На следующий день в областном драматическом театре шел просмотр спектакля по пьесе Володарского “Западня”. Там я снова увидел Виктора Петровича и сказал ему:
— Всю ночь не спал, читал вашу рукопись.
— Не ты первый, — улыбнулся Астафьев. — Вернее, ты — второй. Залыгин говорит, что тоже ночь не спал. Жаль, не пройдет целиком. Но резать сильно не дам. Ни одного письма Макарова не позволю изъять.
Я сказал, что выбрал для газеты два отрывка: о языке современной прозы и историю создания повести “Пастух и пастушка”. Он кивнул:
— Ну что ж, ладно.
— Хотелось бы, конечно, не это опубликовать...
— Брось, Вася, не дразни гусей. Зачем начальство вводить в смущение? Ясно, что другое не опубликуют, а в неудобное положение поставишь и себя, и их. Ты там вводочку сделай, что это из новой книги, публицистической, которая будет открываться очерком о Макарове. А дальше хочется еще написать о Прасолове, Твардовском, о Рубцове, вернее, о моем отношении к нему. Работы еще пропасть...
— Жаль, не опубликуют многое, — сказал я. — А у меня при чтении будто глаза открылись: раньше не доходило, что в рукописи надо выкладываться до конца, до самой затаенной мысли...
— А как иначе? Иначе ничего не напишешь...
Я спросил Астафьева, видел ли он “Жестокие игры” Арбузова в постановке нашего театра.
— Не успел, был в это время в Москве. Да и здесь был бы — не пошел. Не люблю я Арбузова, а он на меня злится еще больше. Как-то в Сибири, в одной из статей я назвал “Таню” слюнявой пьесой. И в самом-то деле — одни сопли!
После просмотра “Западни” спросил его о впечатлении.
— Пьеса как пьеса, — уклончиво ответил Виктор Петрович. Сомнений не было — пьеса ему не понравилось.
Живя в Вологде, он сам написал две пьесы, довольно средние: “Черемуха” и “Прости меня”. Может быть, поэтому к работам собратьев по драматургии относился ревниво. Однажды, после просмотра спектакля по пьесе Василия Белова “Сцены из районной жизни” (“По 206-й”) сказал мне с подковыркой:
— Ты не знаешь, почему это он все наши беды на журналистов сваливает?

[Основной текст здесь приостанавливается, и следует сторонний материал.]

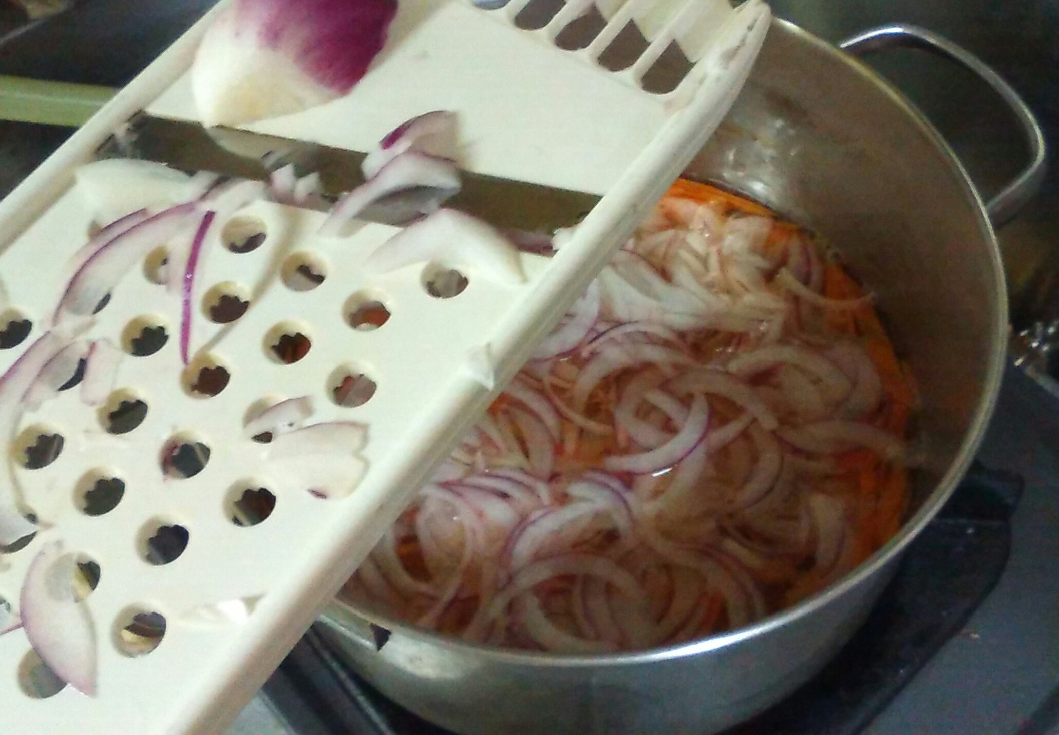 玉ねぎはスライサーでスライスしながら鍋に直接入れる。

Отношения с Беловым складывались у него, по-видимому, довольно сложные, хотя внешне это почти не проявлялось. Во всяком случае, когда Виктор Астафьев уезжал из Вологды, кто-то пустил слух, что “двум медведям в одной берлоге не ужиться”, имея в виду, что в маленьком городе невозможно одновременно жить двум крупным писателям. Вряд ли стоит этому верить, какие бы стычки ни происходили между Астафьевым и Беловым. Но, на мой взгляд, Астафьев сказал чистую правду на одном из писательских собраний относительно своего отъезда:
— Я обязан это сказать, чтобы не было кривотолков, почему я уезжаю из Вологды. Во-первых, я пишу о Сибири, а стал уже подзабывать и язык тамошний, который же все время меняется, и нравы сибиряков. Во-вторых, дело идет к старости, жить остается недолго, а хочется, чтобы похоронили меня на родине.
Правда, в своих литературных и идейных привязанностях был Астафьев непостоянен, да и конъюнктура, вероятно, играла свою роль. Во всяком случае, когда он написал заявление о своем выходе из состава редколлегии “Нашего современника”, а затем и вышел из нее, я спросил Белова — в чем дело?
— Не знаю в чем... — неохотно ответил Василий Иванович и неожиданно резко отрубил:
— Невыгодно, наверно, стало!
Листая теперь свои старые блокноты конца семидесятых годов, я то и дело наталкиваюсь на конспекты выступлений Виктора Астафьева на различных вечерах, собраниях, юбилеях, на его оценки жизни, литературы. Попытаюсь суммировать некоторые из них.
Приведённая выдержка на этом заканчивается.